What you should do |
Further down are entries; set down exactly and only the lines from the one with "Collected data for" up to and including the one with "Seller's Notes:A great", dropping each picture.
----- Data for this exercise -----
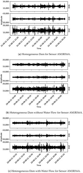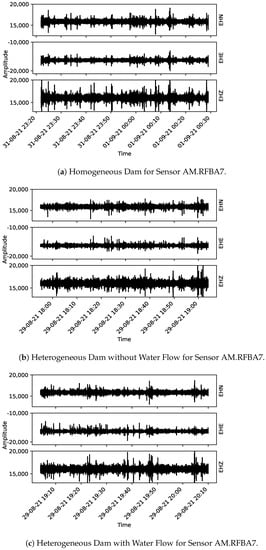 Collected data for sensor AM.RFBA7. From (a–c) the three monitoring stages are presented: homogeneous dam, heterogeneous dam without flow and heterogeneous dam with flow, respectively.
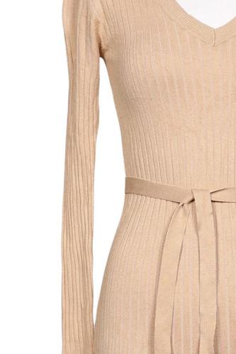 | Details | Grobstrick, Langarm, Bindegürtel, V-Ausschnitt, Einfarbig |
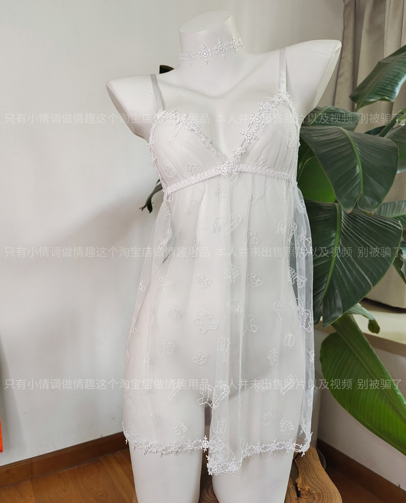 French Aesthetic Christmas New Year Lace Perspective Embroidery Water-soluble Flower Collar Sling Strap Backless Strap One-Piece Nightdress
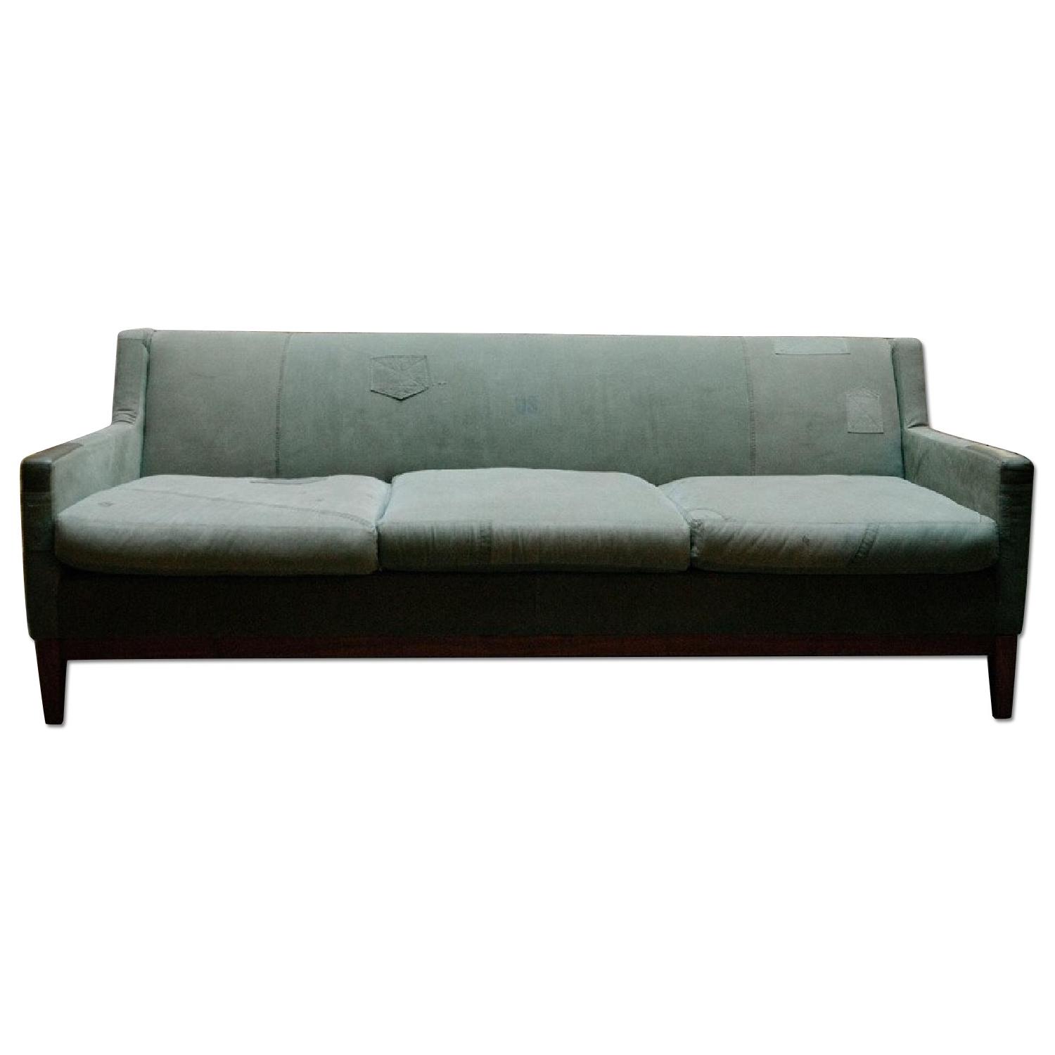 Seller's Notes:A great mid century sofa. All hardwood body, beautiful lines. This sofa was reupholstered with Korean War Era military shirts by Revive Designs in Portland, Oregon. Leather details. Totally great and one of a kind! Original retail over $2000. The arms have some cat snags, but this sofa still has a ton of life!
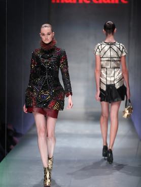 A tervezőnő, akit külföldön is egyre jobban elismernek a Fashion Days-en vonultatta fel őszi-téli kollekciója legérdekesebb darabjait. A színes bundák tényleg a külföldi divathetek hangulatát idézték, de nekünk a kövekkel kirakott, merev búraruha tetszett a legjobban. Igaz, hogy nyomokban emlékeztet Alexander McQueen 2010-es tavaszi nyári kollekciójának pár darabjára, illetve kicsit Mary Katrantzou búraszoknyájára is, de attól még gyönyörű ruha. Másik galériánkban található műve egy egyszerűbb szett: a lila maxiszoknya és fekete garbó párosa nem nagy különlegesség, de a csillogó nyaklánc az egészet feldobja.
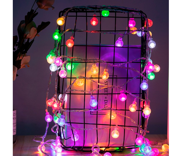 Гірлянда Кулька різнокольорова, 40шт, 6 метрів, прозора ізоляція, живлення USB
-----
----- Data for this exercise -----
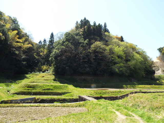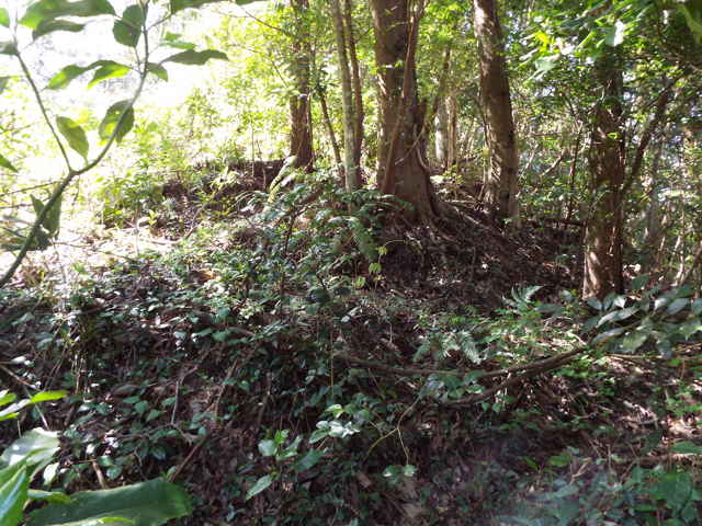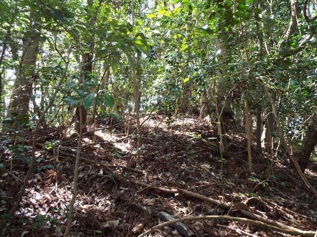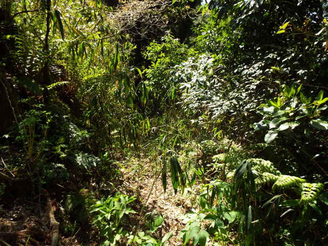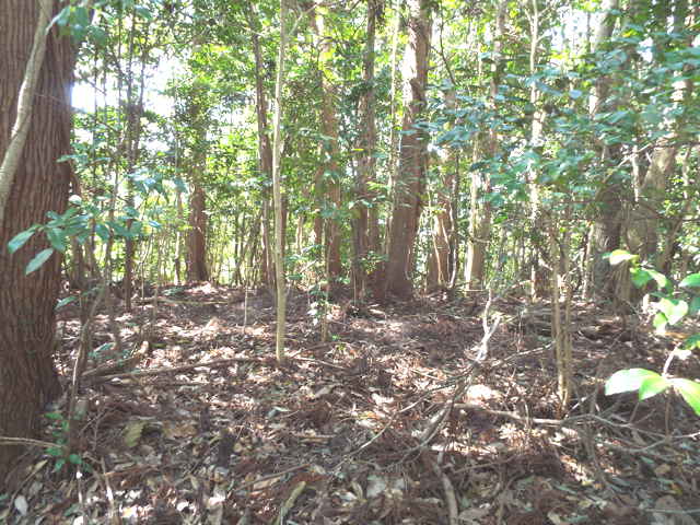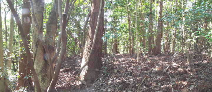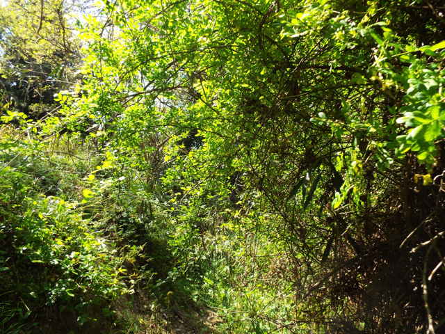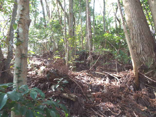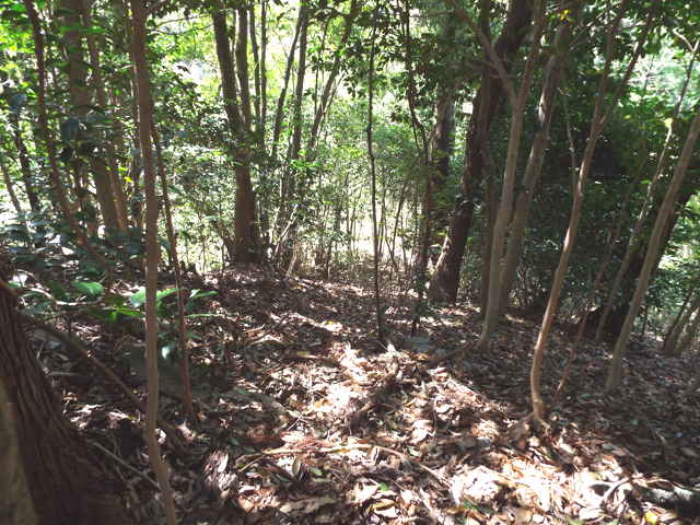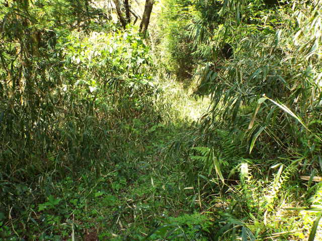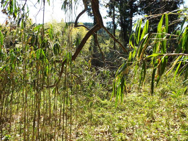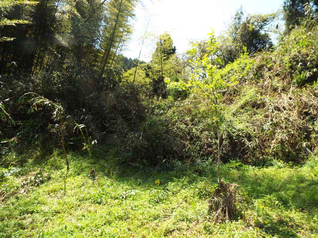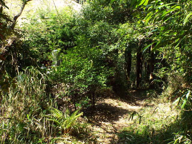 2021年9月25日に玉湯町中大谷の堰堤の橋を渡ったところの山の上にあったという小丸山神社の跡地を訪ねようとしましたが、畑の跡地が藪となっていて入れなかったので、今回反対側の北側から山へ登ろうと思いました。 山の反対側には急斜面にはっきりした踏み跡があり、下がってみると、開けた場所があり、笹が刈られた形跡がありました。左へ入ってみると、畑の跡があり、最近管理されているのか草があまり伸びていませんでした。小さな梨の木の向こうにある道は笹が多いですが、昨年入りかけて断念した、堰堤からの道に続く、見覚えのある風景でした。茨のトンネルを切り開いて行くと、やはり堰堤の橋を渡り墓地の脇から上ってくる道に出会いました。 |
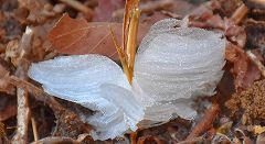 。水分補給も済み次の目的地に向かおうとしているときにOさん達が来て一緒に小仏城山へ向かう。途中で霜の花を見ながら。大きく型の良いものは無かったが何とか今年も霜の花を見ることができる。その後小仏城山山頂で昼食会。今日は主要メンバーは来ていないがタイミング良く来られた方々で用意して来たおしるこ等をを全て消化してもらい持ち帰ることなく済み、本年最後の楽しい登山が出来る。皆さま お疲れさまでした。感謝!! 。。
-----
Answer box |
 Collected data for sensor AM.RFBA7. From (a–c) the three monitoring stages are presented: homogeneous dam, heterogeneous dam without flow and heterogeneous dam with flow, respectively.
 | Details | Grobstrick, Langarm, Bindegürtel, V-Ausschnitt, Einfarbig |
 French Aesthetic Christmas New Year Lace Perspective Embroidery Water-soluble Flower Collar Sling Strap Backless Strap One-Piece Nightdress
 Seller's Notes:A great mid century sofa. All hardwood body, beautiful lines. This sofa was reupholstered with Korean War Era military shirts by Revive Designs in Portland, Oregon. Leather details. Totally great and one of a kind! Original retail over $2000. The arms have some cat snags, but this sofa still has a ton of life!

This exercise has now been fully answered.